Monday Night’s Salisbury Housing Advocacy Commission’s 2nd Public Forum on the Remedial Action Plan (RAP) Proved Embarrassing

Posted on February 14, 2017



Todd Paris, Staff Writer and Salisbury Attorney

♦ As promised, I attended second public forum hosted by The Salisbury Housing Advocacy Commission (appointed by the Salisbury City Council) concerning the Remedial Action Plan (RAP) on properties tonight at One Water Street.  Arriving there, I and many other concerned citizens (mainly landlords and city wonks) parked in the parking lot beside the tracks.

The meeting concerned a proposed ordinance that would hold landlords responsible for “disorder activities” that occur of their properties. In attendance were City Council members David Post and Maggie Blackwell and the master of ceremonies was Preston Mitchell, who did an outstanding job MCing the event. Ice water and cookies were provided to the standing room only crowd of mostly landlords and real estate professionals, including Wallace Realty’s Greg Rapp and Victor Wallace.

Preston confirms that negative property designations and attendant fees and fines will run with the land to subsequent purchasers and I made it clear realtors and closing attorneys will need a searchable database.  A landlord questioned whether the Salisbury Police and code enforcement had the staff to implement this ordinance.  During that question Maggie Blackwell revealed that SPD is now 19 officers down. Someone else must have quit since last Tuesday.

In general, the landlords recognized quickly that despite the “relationship building” propaganda being spin, that this ordinance was a punitive measure aimed at forcing landlords to evict folks SPD deemed disruptive. Many complained about SPD’s lack of manpower and inability to properly respond to crime and at least one commenter chided at the City’s attempt to force them to do “the city’s job” in this regard.

David Post mentioned the language from my last article that landlords will need to add to their lease as a possibility and I explained how this would allow landlords to evict with little legal drama just based upon the property being placed on the “In Need of Remedial Action” (INRA) list.

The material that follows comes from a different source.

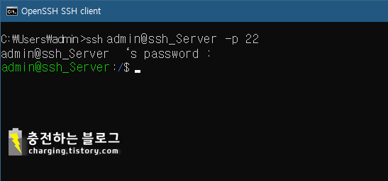 ex) ssh admin@ssh_server.com -p 22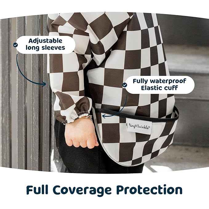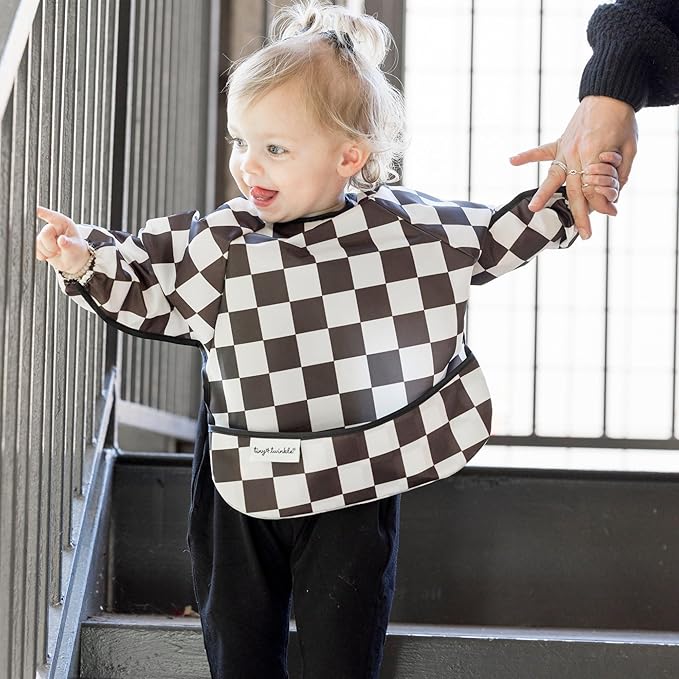 Tiny Twinkle Long Sleeve Bib for Babies & Toddlers – Waterproof Smock Bib for Eating – Machine Washable & Mess-Proof, Baby Feeding Essential & Shower Must-Have(Checkers Black, 6–24M)

This seemed to make the idea somewhat more palatable to some. City staff indicated that I was wrong in that a new state law prohibited criminal penalties from being assessed against landlords. This was good to know, and as a married man, I am used to being corrected from time to time.

There were a number of citizens whose comments clearly fell into the “we have to do something” column regarding absentee landlords and crime; however the majority of landlords seemed tepid to openly resistant to the ordinance.

Preston promised me a second time to speak and I begin to talk about “legalities” when suddenly well known Landlord Mr. Padget returned to the room and announced that his truck broken into, mere feet from the entrance. A mad scramble ensued as those in attendance rushed to their cars and found two additional vehicles were rifled as well.  We learned later that Maggie Blackwell was one of the victims. Now she might be more understanding when one of our citizens suffers during Salisbury’s immense tidal wave of crime.

I ran to the car and retrieved my Glock, lest deadly mayhem ensue, but the perpetrators were long gone. Another long suffering, exhausted, underpaid and overworked SPD Officer arrived to take the reports. While I did not speak to him, his fatigue was apparent.

It makes one wonder whether Salisbury’s criminal element has become sophisticated enough to spot the meeting on the Fibrant network and realize landlords often carry around large sums of cash, particularly on nights where they can’t get to the bank because of an important meeting.

I am breaking a promise. I said I would come up with an opinion regarding this ordinance tonight. While the RAP ordinance appears to be a confusing muddle at this point, perhaps elements of it might be salvageable. My offer to help remains open.

It’s a sad state of affairs when you can’t even have a meeting to force landlords to fight crime for you without them becoming victims of crime themselves. Perhaps for the next meeting the city can hire a deputy sheriff to provide parking lot security.